The tricks from the RealMLP paper are estimator-level options usable with
*any* model (`lnn` included), not baked into one architecture:

- `numeric_scaler="rssc"` — robust scale + smooth clip preprocessing
- `cat_encoding="onehot"` — RealMLP-style one-hot (binary → ±1, missing → 0)
- `num_embedding="pbld" | "plr" | "plr-lite" | "pl" | "periodic"` — the
  numeric embedding zoo (arXiv:2203.05556 + PBLD); token models
  (`ft_transformer`, `tab_transformer`) use the same options as feature
  tokenizers
- `model_params={"num_scaling": True}` — learnable per-feature input scale
- `lr_scheduler="coslog4"`, `optimizer_betas=(0.9, 0.95)` — the training
  schedule
- `clip_predictions=True` (regressor) — clip to the observed target range
- `n_ens=k` — seed ensembling as in pytabkit's RealMLP: k members trained
  with seeds `random_state + i`, predictions averaged on the probability /
  value scale; works with every model including the retrieval ones.
  `ens_mode="vectorized"` trains all members in one vmapped forward/backward
  (`torch.func`) for BatchNorm-free models — pytabkit's speed trick
- `weight_decay_schedule="flat_cos"` — RealMLP-TD's scheduled weight decay
  (param groups can opt out, e.g. biases)
- `masamlp.realmlp_td_params(task)` — the **full RealMLP-TD recipe**:
  parametric activations, flat_cos-scheduled dropout and weight decay, PBLD
  embeddings with their own lr factor, and hybrid categorical encoding
  (one-hot ≤ 9 categories, embeddings above)

```python
from masamlp import MasaClassifier, realmlp_params

clf = MasaClassifier(**realmlp_params("classification"))    # the TD-S recipe
clf = MasaClassifier(**{**realmlp_params("classification"),
                        "num_embedding": "pbld"})           # toward RealMLP-TD
```

## Install

```bash
pip install masamlp        # torch, numpy, pandas, scikit-learn
```

## Quickstart

```python
import numpy as np
from masamlp import MasaClassifier, make_metric

def f1(y_true, y_proba):
    pred = y_proba >= 0.5
    tp = np.sum(pred & (y_true == 1))
    return 2 * tp / max(pred.sum() + (y_true == 1).sum(), 1)

clf = MasaClassifier(
    model="resnet",
    eval_metric=make_metric(f1, name="f1", minimize=False),
    early_stopping_rounds=15,
    class_weight="balanced",
)
clf.fit(X_train, y_train, sample_weight=w_train, eval_set=[(X_val, y_val)])
proba = clf.predict_proba(X_test)
print(clf.best_iteration_, clf.best_score_, clf.evals_result_["valid_0"]["f1"][:3])
```

Custom objective (regression, asymmetric loss):

```python
import torch
from masamlp import MasaRegressor

def asymmetric_mse(y_true, raw_pred):          # -> per-sample (n,) tensor
    err = raw_pred - y_true                    # raw_pred: (n, out_dim)
    return torch.where(err < 0, 4.0 * err**2, err**2).mean(dim=1)

reg = MasaRegressor(model="danet", objective=asymmetric_mse)
reg.fit(X, y, sample_weight=w)                 # weights just work
```

Save/load is a plain directory (`manifest.json` + tensors, loaded with
`weights_only=True` — no pickle execution):

```python
reg.save_model("model_dir")
reg2 = MasaRegressor.load_model("model_dir")
```

## Devices

`device="auto"` resolves cuda > mps > cpu.
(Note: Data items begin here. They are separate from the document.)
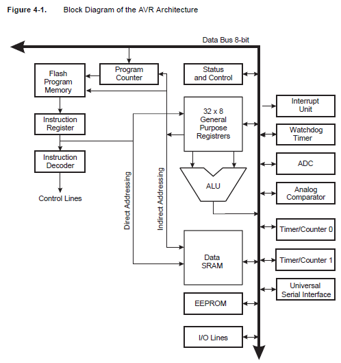 We can see the connection of: - Flash Program Memory - Instruction Register - Instruction DEcoder - ALU - Data SRAM - Register - Internal Resources
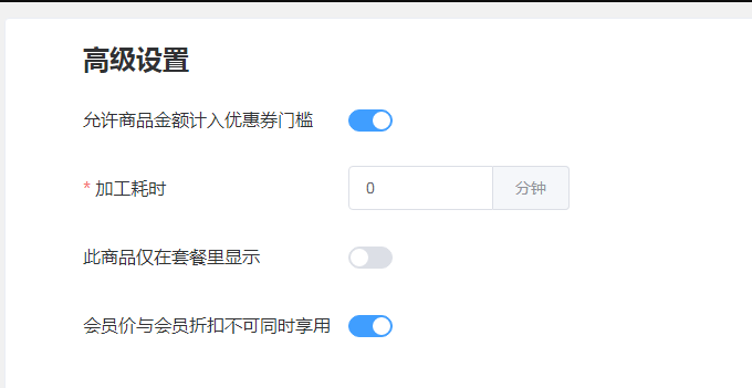当只开启【堂食外卖库存同享】时,我们需要在这设置共有库存,在下面设置堂食和外卖的会员价格和非会员价格(可不输入会员价)(可选择是否开启堂食或外卖,最少选择一个)。
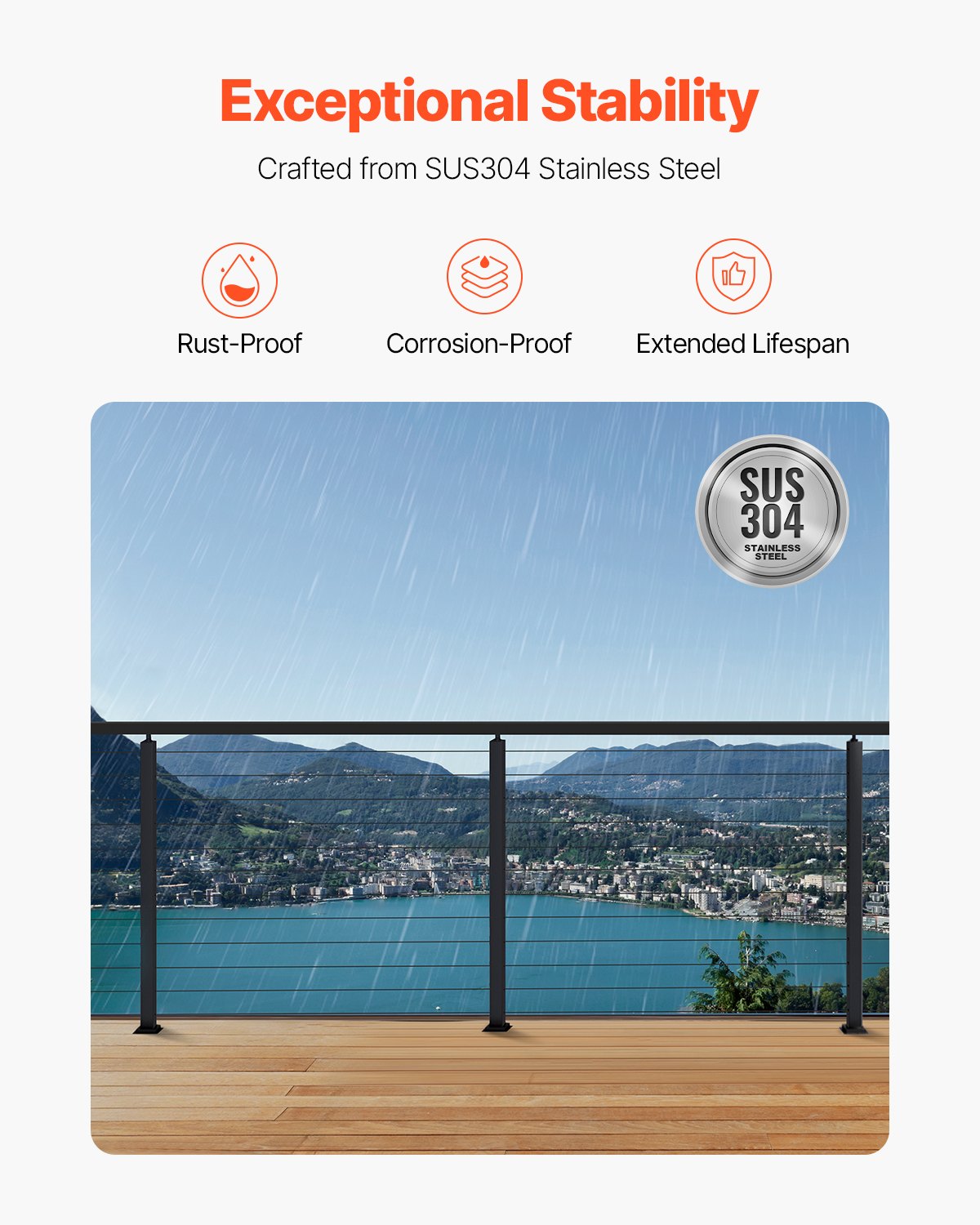 - Sturdy and Durable: Our cable handrail post is made of high-quality SUS304 stainless steel, offering excellent rust resistance and corrosion protection for long-lasting durability. However, it is not recommended for coastal applications
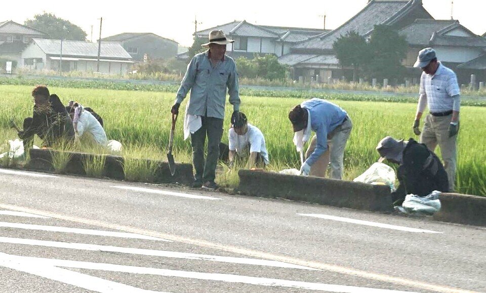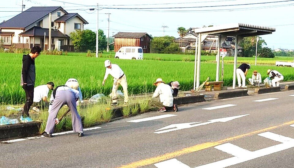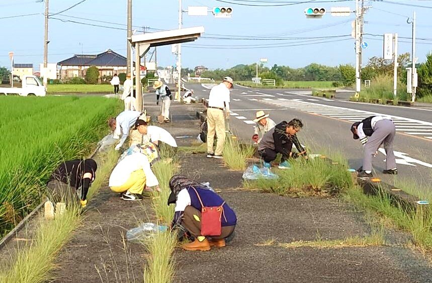 令和7年8月31日(日曜日)蓮池町を貫いている県道20号線の南側の通学路の除草作業を行いました。毎朝、交通指導員の北村さんがコツコツと除草作業をされていますので、ガソリンスタンドがある蓮池交差点から芙蓉中学校南交差点までの南側歩道の縁石の部分はほとんど草が生えていません。今回の除草作業は芙蓉中学校南交差点より東に向かって南側の歩道の除草作業を行いました。小松バス停付近です。

CUDA gets bf16 AMP by default and
optional `compile=True`; MPS and CPU train in float32. Details and caveats:
[docs/devices.md](docs/devices.md).

## Development

```bash
pip install -e ".[dev]"
bash scripts/check.sh      # ruff + pytest + examples/quickstart.py
```

Development rules live in [CLAUDE.md](CLAUDE.md); roadmap in
[docs/roadmap.md](docs/roadmap.md).

## License

MIT. Architecture attributions: [docs/attribution.md](docs/attribution.md).